И все же усталость от работы была недостаточной, чтобы подавить его могучую чувственную натуру. По ночам ему было невыносимо трудно, одеяла казались чересчур тяжелыми, простыни слишком гладкими. Его конь сыграл с ним злую шутку, превращаясь вдруг в огромную самку, в крепкую гору дикой плоти, на которой он скакал до ломоты в костях. Прохладные душистые дыни в огороде казались ему огромными женскими грудями; зарывая лицо в попону, он улавливал в едком запахе животного далекий и недоступный запах своих первых проституток. Ночами он покрывался потом от кошмаров, ему снились гнилые моллюски, разделанные огромные туши, кровь, сперма, слезы. Он просыпался с ощущением, что внутри натянулась тугая струна, член становится железным, и злился невероятно. Чтобы успокоиться, он бежал к реке и, обнаженный, нырял, погружаясь в холодные воды, пока не перехватывало дыхание, но тогда ему начинало казаться, что он ощущает невидимые руки, ласкающие его бедра и голени. Побежденный, он положился на волю волн, чувствуя объятия реки, и шустрые головастики целовали его, а береговой тростник хлестал. Через некоторое время желание стало нестерпимым, его уже не успокаивало ни ночное купание в реке, ни коричный настой, ни кремень, положенный под матрац, ни даже жалкие манипуляции, которые в интернате сводили мальчиков с ума, обрекая их на вечное проклятие.

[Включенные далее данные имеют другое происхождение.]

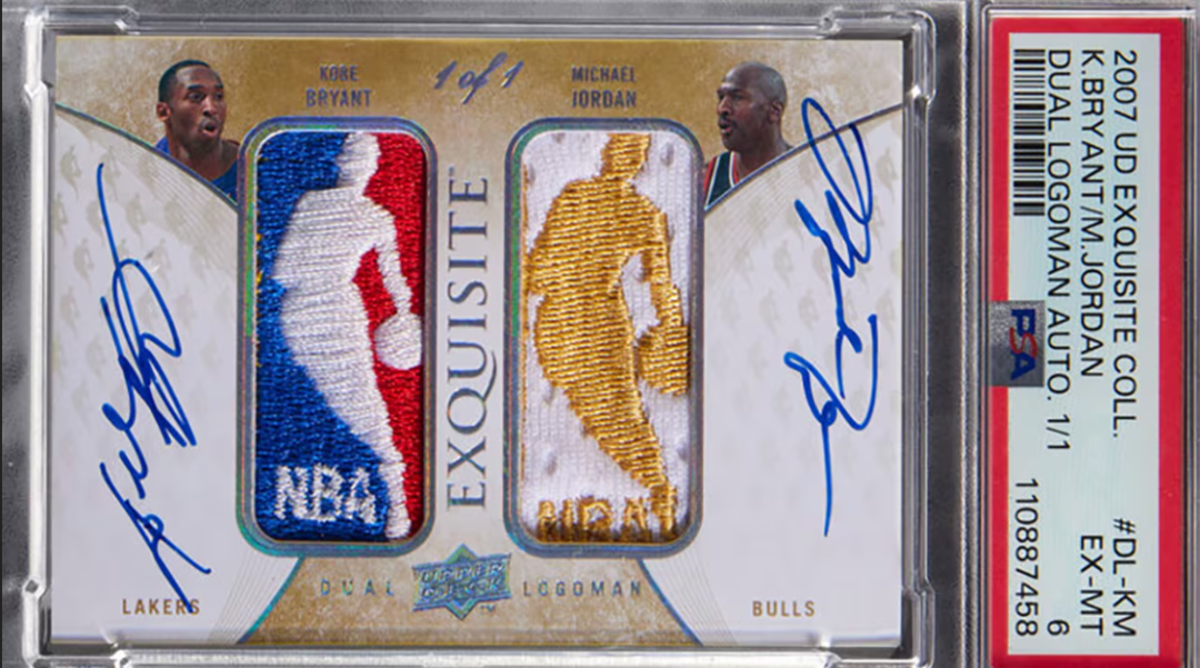 这张打破世界纪录的球星卡(见下图),于2007-2008赛季后发行。除了乔丹和科比这两位篮球巨星的亲笔签名外,还分别插入了芝加哥公牛队和洛杉矶湖人队当时球衣所用的NBALOGO实物。这张卡世上只有一张,由于科比已经过世,所以往后也无法复制,因此它的独一无二性奠定了它的价格基础。
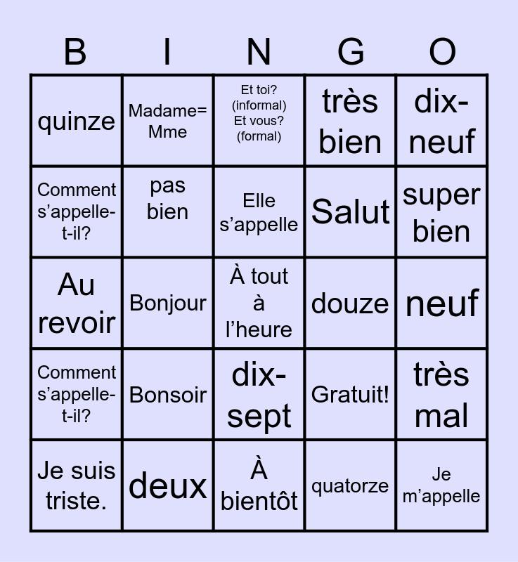 This bingo card has 25 words: Bonsoir, À bientôt, Elle s’appelle, Je suis triste., dix-neuf, quinze, Comment s’appelle-t-il?, Madame= Mme, douze, dix-sept, Salut, Au revoir, Gratuit!, très mal, pas bien, Je m’appelle, neuf, Et toi? (informal) Et vous? (formal), super bien, Bonjour, À tout à l’heure, deux, Comment s’appelle-t-il?, très bien and quatorze.

Когда он стал жадно посматривать на домашнюю живность, на детей, играющих голыми в огороде, и даже на сырое тесто, то понял, что его мужское начало не успокоить средствами, доступными какому-нибудь дьячку. Здравый смысл подсказал ему, что надо найти женщину, и когда решение было принято, подавленное состояние исчезло, а ярость, казалось, улеглась. В тот день, впервые за последнее время, он проснулся с улыбкой.

Педро Гарсиа, старик, видел, как хозяин пошел, насвистывая, в конюшню, и обеспокоенно покачал головой.

Эстебан весь день вспахивал одно пастбище, которое только что расчистил, намереваясь засеять маисом. Потом с Педро Сегундо Гарсиа отправился помочь корове произвести на свет теленка, который неправильно шел. Труэба засунул руку по локоть и повернул крохотное существо так, чтобы высунулась голова. Корова все же не выжила, но настроение у него не ухудшилось. Он приказал кормить теленка из бутылки, облился водой из ведра и снова сел на коня. Обычно это был час обеда, но голода он не испытывал. Никуда не спешил, ведь выбор он уже сделал.